━━ Data

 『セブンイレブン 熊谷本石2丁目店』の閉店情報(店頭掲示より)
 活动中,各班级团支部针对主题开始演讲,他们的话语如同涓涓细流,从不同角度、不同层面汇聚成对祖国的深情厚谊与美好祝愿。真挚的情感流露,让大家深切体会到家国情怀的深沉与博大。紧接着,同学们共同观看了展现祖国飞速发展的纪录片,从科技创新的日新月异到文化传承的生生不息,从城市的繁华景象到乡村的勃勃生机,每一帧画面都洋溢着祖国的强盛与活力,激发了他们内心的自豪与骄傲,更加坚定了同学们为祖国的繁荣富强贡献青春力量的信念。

━━━━
━━ Data

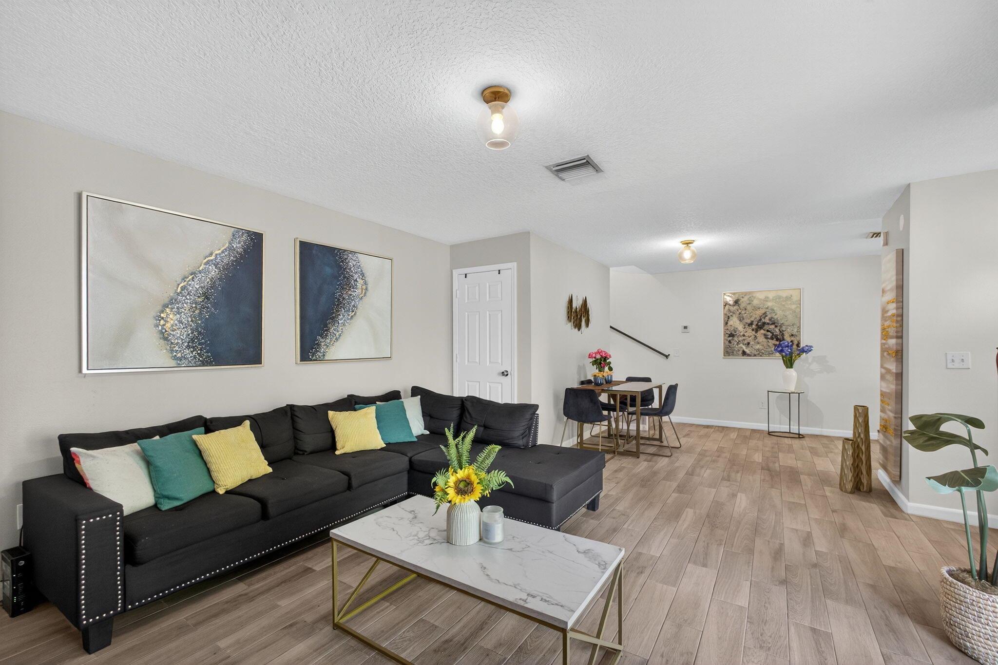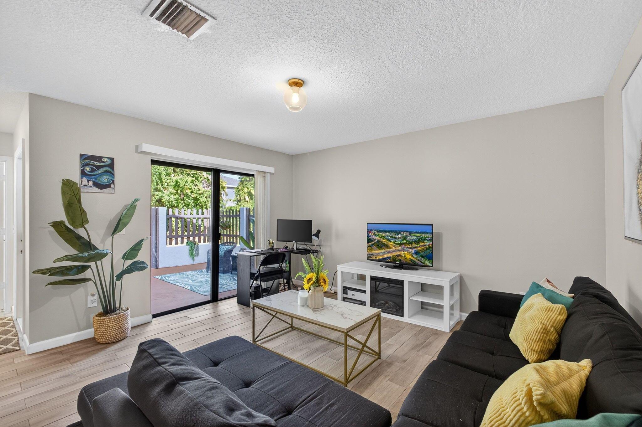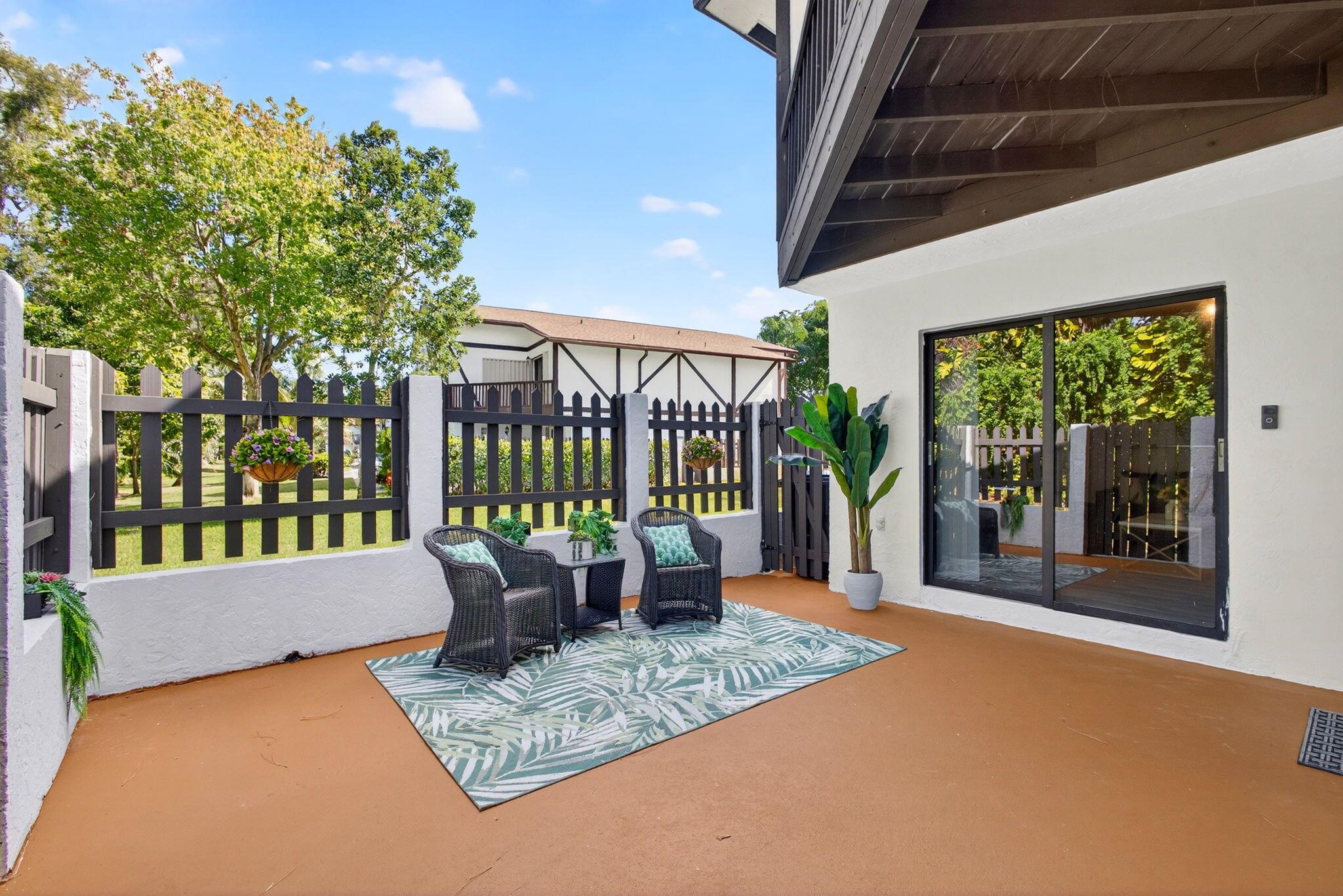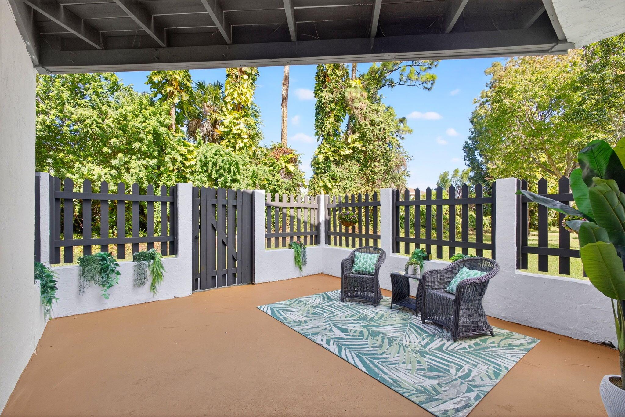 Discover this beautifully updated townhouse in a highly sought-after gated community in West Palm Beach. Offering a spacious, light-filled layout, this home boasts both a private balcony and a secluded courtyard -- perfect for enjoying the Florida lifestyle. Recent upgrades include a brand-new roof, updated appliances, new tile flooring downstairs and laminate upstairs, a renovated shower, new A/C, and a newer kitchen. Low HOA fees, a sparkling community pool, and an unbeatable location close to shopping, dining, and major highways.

━━━━
━━ Data

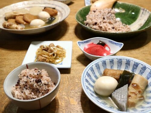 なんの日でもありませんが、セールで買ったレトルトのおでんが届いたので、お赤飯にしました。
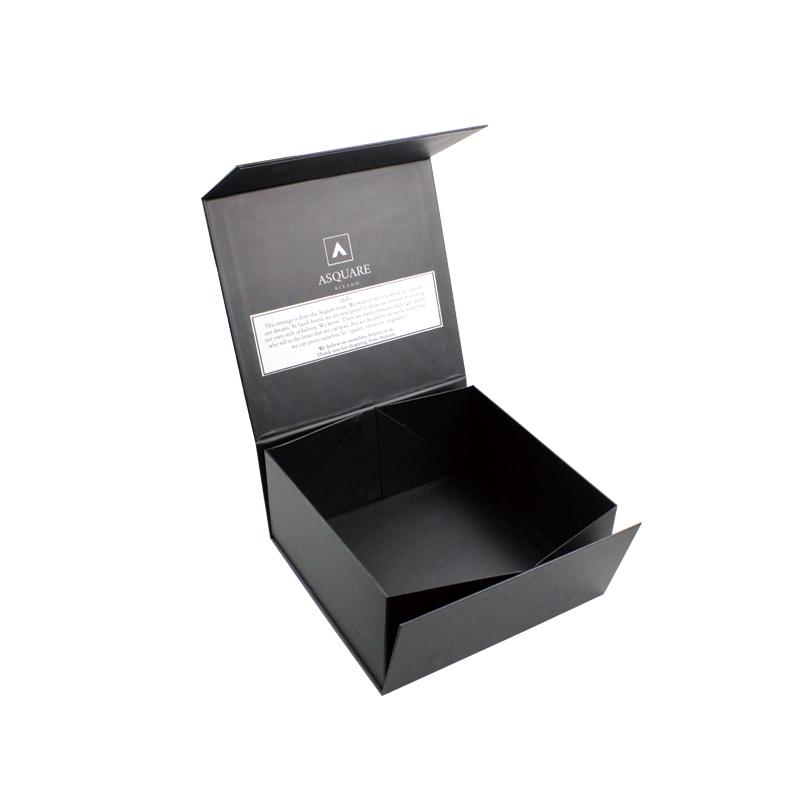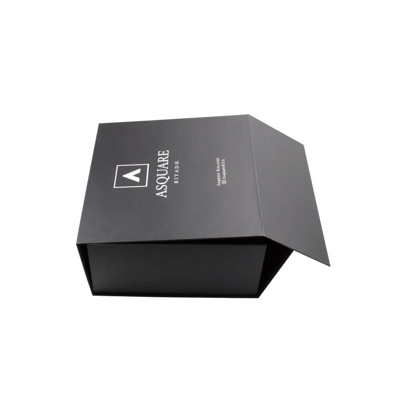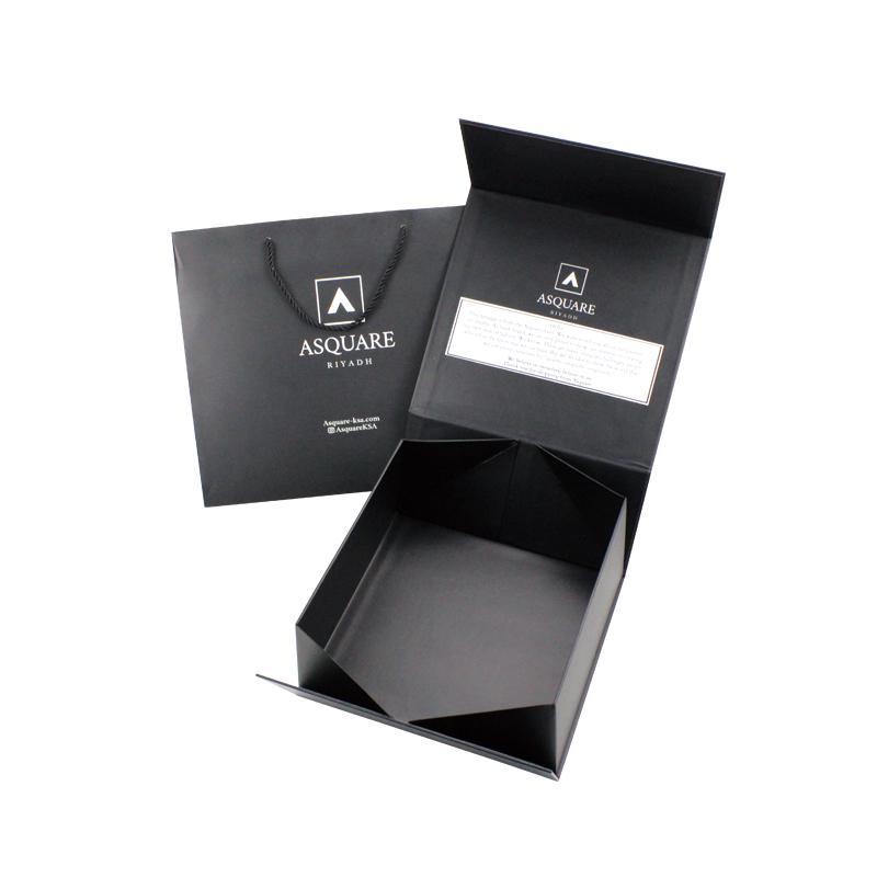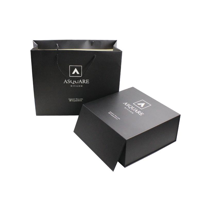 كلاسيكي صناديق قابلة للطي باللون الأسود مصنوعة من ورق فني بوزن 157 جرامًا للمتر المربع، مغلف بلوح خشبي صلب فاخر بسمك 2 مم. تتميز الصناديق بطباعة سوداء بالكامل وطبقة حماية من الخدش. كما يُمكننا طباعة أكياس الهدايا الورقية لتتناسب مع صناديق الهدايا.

━━━━

- **Activity**
What lines above run from the one with "なんの日でもありませんが、セ" to the one with "كلاسيكي صناديق قابلة"? Give them again exactly, ends included, and leave the pictures out.

- **Response to this task**
 なんの日でもありませんが、セールで買ったレトルトのおでんが届いたので、お赤飯にしました。
 كلاسيكي صناديق قابلة للطي باللون الأسود مصنوعة من ورق فني بوزن 157 جرامًا للمتر المربع، مغلف بلوح خشبي صلب فاخر بسمك 2 مم. تتميز الصناديق بطباعة سوداء بالكامل وطبقة حماية من الخدش. كما يُمكننا طباعة أكياس الهدايا الورقية لتتناسب مع صناديق الهدايا.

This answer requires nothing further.